→ What the exercise asks:
Print, in exact form, the lines below from the one containing "Бутилка за пиене" through the one containing "오늘은 천마법무법인에서 공사대금 사건을 어떻게 승소로 이끌었는지 알아보겠습니다.", and omit all others.

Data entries
★ ★ ★
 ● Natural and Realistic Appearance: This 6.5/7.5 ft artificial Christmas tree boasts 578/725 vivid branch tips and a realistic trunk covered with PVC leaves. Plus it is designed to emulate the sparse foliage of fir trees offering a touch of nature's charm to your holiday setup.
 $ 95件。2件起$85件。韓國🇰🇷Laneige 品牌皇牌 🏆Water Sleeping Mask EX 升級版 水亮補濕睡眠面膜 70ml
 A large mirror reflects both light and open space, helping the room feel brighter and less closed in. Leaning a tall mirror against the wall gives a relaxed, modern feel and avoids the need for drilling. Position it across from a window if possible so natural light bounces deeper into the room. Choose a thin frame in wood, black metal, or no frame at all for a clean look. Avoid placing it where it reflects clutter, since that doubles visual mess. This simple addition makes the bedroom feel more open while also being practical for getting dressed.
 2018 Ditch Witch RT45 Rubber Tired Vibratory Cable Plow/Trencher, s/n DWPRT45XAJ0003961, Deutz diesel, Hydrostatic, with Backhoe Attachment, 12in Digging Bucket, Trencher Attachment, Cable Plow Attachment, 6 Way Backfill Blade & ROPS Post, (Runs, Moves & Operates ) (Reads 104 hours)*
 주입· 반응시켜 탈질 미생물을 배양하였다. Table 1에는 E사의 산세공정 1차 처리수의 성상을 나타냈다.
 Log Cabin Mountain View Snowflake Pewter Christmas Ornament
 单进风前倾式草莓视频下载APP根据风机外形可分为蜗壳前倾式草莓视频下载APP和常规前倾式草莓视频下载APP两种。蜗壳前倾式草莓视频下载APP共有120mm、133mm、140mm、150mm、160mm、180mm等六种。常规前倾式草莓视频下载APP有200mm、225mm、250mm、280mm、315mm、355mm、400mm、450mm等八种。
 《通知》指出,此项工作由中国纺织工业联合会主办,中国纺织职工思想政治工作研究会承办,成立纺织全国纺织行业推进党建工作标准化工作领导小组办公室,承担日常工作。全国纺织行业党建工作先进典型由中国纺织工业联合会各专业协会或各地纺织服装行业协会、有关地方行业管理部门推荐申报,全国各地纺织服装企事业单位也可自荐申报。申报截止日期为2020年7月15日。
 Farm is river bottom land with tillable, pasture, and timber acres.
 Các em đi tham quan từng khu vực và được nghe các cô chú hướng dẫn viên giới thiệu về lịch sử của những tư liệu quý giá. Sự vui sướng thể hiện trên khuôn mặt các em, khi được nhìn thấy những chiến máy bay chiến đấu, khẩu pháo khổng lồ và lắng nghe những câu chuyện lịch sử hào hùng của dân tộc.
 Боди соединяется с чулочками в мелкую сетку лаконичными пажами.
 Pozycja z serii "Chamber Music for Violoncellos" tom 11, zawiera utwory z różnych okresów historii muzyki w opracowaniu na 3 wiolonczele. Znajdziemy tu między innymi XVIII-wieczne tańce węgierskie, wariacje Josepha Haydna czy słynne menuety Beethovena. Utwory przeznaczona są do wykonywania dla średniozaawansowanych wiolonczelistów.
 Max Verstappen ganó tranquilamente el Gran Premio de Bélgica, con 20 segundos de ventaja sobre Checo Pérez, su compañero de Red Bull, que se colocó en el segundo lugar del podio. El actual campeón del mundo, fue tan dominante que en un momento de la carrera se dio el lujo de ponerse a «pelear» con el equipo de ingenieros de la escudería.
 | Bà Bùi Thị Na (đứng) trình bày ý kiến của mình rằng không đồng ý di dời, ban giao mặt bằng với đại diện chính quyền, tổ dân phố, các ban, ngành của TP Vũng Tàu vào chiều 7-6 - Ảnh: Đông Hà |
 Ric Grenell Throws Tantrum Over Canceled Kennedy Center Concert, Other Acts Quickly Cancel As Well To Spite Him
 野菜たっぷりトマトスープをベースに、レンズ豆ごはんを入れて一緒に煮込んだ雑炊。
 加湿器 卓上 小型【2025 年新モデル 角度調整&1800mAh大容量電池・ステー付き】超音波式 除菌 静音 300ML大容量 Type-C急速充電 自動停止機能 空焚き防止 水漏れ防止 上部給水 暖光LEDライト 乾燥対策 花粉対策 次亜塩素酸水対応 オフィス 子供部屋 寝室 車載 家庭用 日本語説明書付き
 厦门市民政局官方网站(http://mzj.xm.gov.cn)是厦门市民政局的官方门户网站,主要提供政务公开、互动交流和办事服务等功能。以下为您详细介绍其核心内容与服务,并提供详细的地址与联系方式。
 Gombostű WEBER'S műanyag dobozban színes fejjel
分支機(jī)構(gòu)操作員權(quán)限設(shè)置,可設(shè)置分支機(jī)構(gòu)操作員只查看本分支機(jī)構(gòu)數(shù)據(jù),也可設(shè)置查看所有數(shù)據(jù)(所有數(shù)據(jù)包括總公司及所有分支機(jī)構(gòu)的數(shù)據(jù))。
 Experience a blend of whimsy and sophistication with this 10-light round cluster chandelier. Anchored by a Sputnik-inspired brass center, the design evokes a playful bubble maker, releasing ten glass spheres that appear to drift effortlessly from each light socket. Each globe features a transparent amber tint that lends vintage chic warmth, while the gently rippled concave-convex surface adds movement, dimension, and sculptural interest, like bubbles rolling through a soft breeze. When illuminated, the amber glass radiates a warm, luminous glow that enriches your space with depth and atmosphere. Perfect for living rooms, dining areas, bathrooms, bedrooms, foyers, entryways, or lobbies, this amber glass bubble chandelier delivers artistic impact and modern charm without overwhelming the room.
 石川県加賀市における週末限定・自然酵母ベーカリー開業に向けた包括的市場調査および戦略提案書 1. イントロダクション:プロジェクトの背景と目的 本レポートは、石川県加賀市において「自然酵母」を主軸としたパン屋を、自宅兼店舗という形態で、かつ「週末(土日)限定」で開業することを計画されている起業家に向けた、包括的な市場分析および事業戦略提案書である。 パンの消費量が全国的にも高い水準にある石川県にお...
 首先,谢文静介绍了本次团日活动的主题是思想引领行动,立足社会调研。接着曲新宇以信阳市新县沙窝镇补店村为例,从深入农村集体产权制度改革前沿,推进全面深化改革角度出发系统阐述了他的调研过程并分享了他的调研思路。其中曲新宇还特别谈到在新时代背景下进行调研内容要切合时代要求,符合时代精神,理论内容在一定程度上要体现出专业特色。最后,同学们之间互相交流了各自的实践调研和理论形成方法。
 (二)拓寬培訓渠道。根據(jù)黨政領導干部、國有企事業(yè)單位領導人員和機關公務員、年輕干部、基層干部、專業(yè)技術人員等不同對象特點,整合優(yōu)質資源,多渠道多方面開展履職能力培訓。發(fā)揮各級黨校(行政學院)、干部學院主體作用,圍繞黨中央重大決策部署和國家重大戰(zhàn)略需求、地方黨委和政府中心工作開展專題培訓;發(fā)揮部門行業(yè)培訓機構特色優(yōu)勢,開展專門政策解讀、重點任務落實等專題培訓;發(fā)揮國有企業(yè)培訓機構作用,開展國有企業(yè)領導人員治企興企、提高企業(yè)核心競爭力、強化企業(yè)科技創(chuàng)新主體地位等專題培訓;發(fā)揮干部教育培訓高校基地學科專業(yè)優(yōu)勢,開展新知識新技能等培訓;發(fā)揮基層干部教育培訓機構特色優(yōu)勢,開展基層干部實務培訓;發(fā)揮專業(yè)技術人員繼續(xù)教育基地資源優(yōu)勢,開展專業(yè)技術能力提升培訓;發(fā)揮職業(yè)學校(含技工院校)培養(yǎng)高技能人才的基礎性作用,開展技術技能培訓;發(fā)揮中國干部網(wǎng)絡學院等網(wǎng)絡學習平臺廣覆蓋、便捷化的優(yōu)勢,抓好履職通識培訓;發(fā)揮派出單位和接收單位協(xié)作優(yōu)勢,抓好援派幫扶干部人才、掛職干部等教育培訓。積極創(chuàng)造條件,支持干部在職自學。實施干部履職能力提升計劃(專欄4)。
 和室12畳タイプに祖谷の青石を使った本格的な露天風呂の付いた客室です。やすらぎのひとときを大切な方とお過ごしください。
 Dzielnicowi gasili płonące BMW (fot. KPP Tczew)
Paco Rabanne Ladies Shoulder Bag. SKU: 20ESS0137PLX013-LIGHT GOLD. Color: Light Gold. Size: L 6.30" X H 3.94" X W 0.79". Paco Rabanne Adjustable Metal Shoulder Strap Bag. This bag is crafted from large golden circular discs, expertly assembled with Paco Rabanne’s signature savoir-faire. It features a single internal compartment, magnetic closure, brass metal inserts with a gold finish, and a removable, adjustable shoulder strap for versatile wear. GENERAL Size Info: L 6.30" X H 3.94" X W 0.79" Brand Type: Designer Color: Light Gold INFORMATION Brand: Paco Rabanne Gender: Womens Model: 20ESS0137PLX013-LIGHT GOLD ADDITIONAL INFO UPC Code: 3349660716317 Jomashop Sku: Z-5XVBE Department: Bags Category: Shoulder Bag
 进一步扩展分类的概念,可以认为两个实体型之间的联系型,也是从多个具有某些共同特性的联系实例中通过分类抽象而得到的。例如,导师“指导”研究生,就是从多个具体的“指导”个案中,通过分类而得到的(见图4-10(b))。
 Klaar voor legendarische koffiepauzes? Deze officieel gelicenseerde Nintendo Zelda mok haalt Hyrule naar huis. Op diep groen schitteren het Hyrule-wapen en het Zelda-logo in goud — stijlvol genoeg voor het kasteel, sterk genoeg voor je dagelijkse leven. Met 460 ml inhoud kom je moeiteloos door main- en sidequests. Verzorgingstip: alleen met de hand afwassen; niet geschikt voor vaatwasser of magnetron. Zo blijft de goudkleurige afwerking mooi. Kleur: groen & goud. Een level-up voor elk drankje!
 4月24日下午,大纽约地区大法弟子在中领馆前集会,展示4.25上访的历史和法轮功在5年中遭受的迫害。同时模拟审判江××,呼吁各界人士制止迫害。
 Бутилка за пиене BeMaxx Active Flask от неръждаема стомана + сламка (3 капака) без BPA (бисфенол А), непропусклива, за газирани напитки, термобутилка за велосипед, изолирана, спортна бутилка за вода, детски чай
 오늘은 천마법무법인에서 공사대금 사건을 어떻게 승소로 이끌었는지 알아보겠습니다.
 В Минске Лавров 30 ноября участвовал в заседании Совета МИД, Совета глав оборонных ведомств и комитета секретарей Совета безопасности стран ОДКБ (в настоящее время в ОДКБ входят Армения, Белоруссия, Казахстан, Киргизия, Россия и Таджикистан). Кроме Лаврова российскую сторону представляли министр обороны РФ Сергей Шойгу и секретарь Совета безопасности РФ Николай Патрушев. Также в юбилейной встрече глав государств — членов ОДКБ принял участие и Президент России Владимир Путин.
★ ★ ★
→ Worked solution:
 Бутилка за пиене BeMaxx Active Flask от неръждаема стомана + сламка (3 капака) без BPA (бисфенол А), непропусклива, за газирани напитки, термобутилка за велосипед, изолирана, спортна бутилка за вода, детски чай
 오늘은 천마법무법인에서 공사대금 사건을 어떻게 승소로 이끌었는지 알아보겠습니다.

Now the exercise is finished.